One cordon count was conducted in 2010, its results still available on the city’s website. At the time, the plan was to replicate the count every year. But it appears that plan was abandoned. It seems the city may have done such a count in 2014, but if it did the results have not been released publicly. So Meslin, a city planner working in the private sector who is also interested in municipal affairs and transportation advocacy, saw a gap in the information available in our debates.
“Unlike intersection counts or lane counts, where you see how traffic has changed at a particular point, a cordon count shows you system-wide change: how traffic has changed over time across the whole downtown, how behaviour is changing across the city.”
It could be useful for tracking the demand for cycling infrastructure, for instance. And for seeing how the introduction of bike paths (on Adelaide and Queen’s Quay, for instance) has changed cycling system-wide: has the number of people cycling into the core gone up, or have people just changed their route to take advantage of the new infrastructure? How much more likely are people to use one route over another? Where are the heaviest-trafficked routes that do not have bike lanes? A cordon count showing total volume at most major locations from 2017 that could be compared to the earlier data might answer some of those questions.
So Meslin used his Twitter account to put out a call for volunteers, proposing to replicate the methodology of the 2010 study. He got more than 70 responses, and on Tuesday morning said there were about 50 volunteers in the field. They don’t have the human resources to replicate the entire 2010 study, which tracked counts at the 34 locations over a 12-hour period, so they are focusing on the morning peak, 7 a.m to 10 a.m.
“We want to be able to make an apples-to-apples comparison, using the same locations, the same time of day, the same criteria.
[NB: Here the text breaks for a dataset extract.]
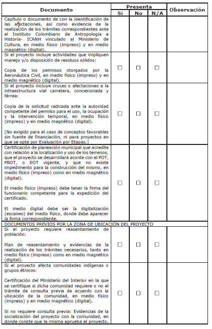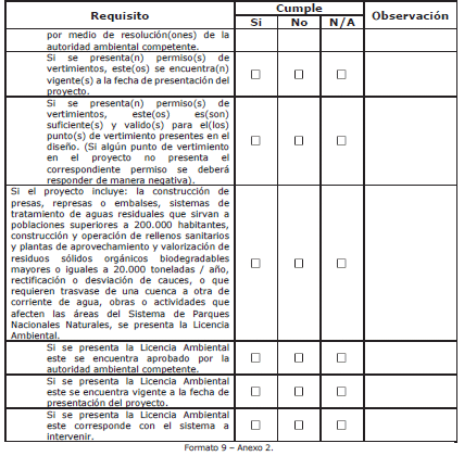En la revisión documental se verificó la existencia de los permisos ambientales presentados para proyectos de inversión. Sin embargo, se deberá realizar una revisión de la vigencia, la validez y la coherencia de los permisos ambientales presentados por el proyecto, teniendo en cuenta las salvedades expuestas en los Parágrafos 1 y 2 del numeral 6 del artículo 9 de la resolución.

If there are changes, that tells you something,” Meslin says, noting he won’t try to anticipate what, if any, changes the data may show. He has some volunteers who are professional data analysts and transit engineers to help evaluate the data once it’s collected.
But for now, he’s busy enough collecting the data. The cyclists come in waves through the intersection as the lights change, and Meslin quickly scratches a tally — segmented into 15-minute increments — as they pass. In the peak hour as the sun rises higher and the commuter crush gets heavier, it becomes hard to keep up. Between 7:00 and 7:15, his tally sheet only shows 35 cyclists passing. Between 8:45 and 9:00, the boxes on the sheet overflow with 325 marks. Meslin has a video camera mounted on a tripod to back up his notes.
He says he expects this first attempt will be a starting point — that they’ll be able to improve and refine the process to get better, more reliable data for future counts. “Not every area lends itself to the democratization of information gathering,” he says, in which volunteer amateurs provide the city with statistics. There are some kinds of surveys in which methodological or observational expertise is warranted. But when it’s as simple as counting on the street corner, perhaps there’s an opportunity for the city to work with interested citizens to fill its own informational gaps.
To me, it’s a puzzle why the city wouldn’t be gathering what seems like such basic information on its own — how can we have an intelligent debate about cycling infrastructure in the downtown core without knowing how many people cycle into the downtown core, and where, and when? I think the city should be gathering such information, and making it available.
But if the city won’t, it’s a relief to find out that somebody will.